Materials provided:
Content starts
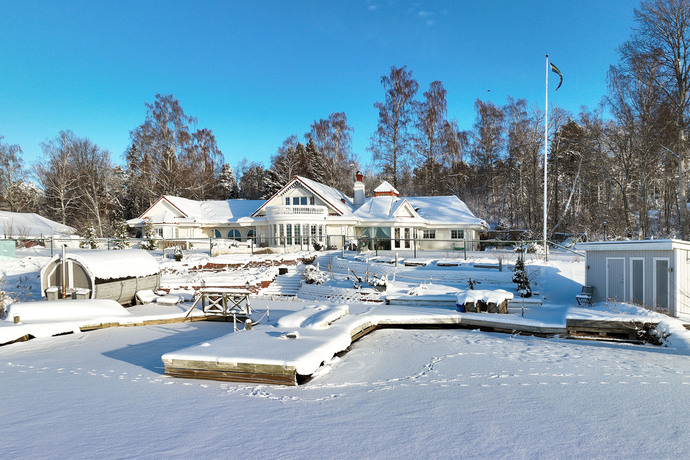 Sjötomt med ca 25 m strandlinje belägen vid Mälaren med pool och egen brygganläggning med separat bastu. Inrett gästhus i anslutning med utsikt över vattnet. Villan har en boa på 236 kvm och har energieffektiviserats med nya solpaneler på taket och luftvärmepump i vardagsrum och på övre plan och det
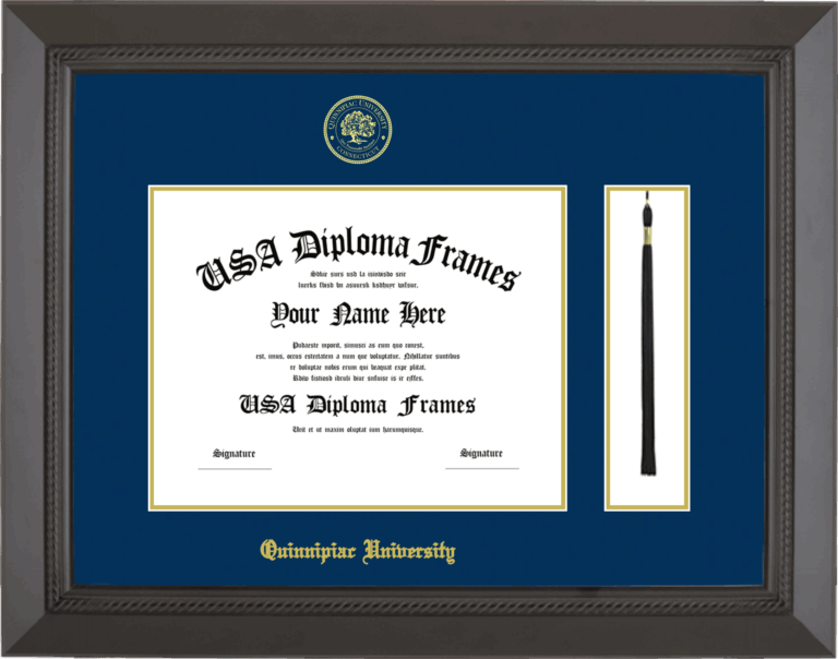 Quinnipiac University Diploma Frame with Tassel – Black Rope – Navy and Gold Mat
Content ends
Content starts
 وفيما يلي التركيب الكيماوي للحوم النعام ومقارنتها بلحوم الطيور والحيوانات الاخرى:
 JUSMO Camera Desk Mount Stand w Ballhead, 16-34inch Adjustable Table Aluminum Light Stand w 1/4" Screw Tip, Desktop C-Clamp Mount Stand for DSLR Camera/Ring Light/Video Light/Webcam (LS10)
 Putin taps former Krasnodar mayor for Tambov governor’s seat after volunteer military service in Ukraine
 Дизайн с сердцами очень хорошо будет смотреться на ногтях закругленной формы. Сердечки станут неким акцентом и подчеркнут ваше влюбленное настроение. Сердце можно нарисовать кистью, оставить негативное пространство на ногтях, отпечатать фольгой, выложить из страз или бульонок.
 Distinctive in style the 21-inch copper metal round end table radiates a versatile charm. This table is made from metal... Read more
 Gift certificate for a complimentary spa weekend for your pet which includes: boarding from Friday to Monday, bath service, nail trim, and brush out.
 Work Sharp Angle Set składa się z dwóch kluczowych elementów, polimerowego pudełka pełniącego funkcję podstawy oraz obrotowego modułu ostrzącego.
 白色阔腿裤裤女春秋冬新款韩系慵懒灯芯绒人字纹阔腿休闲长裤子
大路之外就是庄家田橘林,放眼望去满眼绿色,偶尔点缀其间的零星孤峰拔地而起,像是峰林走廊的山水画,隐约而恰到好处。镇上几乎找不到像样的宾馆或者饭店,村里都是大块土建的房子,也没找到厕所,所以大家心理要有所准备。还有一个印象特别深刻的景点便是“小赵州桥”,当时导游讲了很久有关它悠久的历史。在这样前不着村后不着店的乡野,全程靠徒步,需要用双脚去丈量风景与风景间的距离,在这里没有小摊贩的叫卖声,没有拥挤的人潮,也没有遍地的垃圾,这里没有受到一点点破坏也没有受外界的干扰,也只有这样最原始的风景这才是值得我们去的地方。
Content ends
Problem statement: Give again exactly, and only, the lines above starting at the one with "白色阔腿裤裤女春秋冬新款韩系慵懒灯芯绒人字纹阔腿休闲长裤子" and ending at the one with "大路之外就是庄家田橘林,放眼".

Expected answer:
 白色阔腿裤裤女春秋冬新款韩系慵懒灯芯绒人字纹阔腿休闲长裤子
大路之外就是庄家田橘林,放眼望去满眼绿色,偶尔点缀其间的零星孤峰拔地而起,像是峰林走廊的山水画,隐约而恰到好处。镇上几乎找不到像样的宾馆或者饭店,村里都是大块土建的房子,也没找到厕所,所以大家心理要有所准备。还有一个印象特别深刻的景点便是“小赵州桥”,当时导游讲了很久有关它悠久的历史。在这样前不着村后不着店的乡野,全程靠徒步,需要用双脚去丈量风景与风景间的距离,在这里没有小摊贩的叫卖声,没有拥挤的人潮,也没有遍地的垃圾,这里没有受到一点点破坏也没有受外界的干扰,也只有这样最原始的风景这才是值得我们去的地方。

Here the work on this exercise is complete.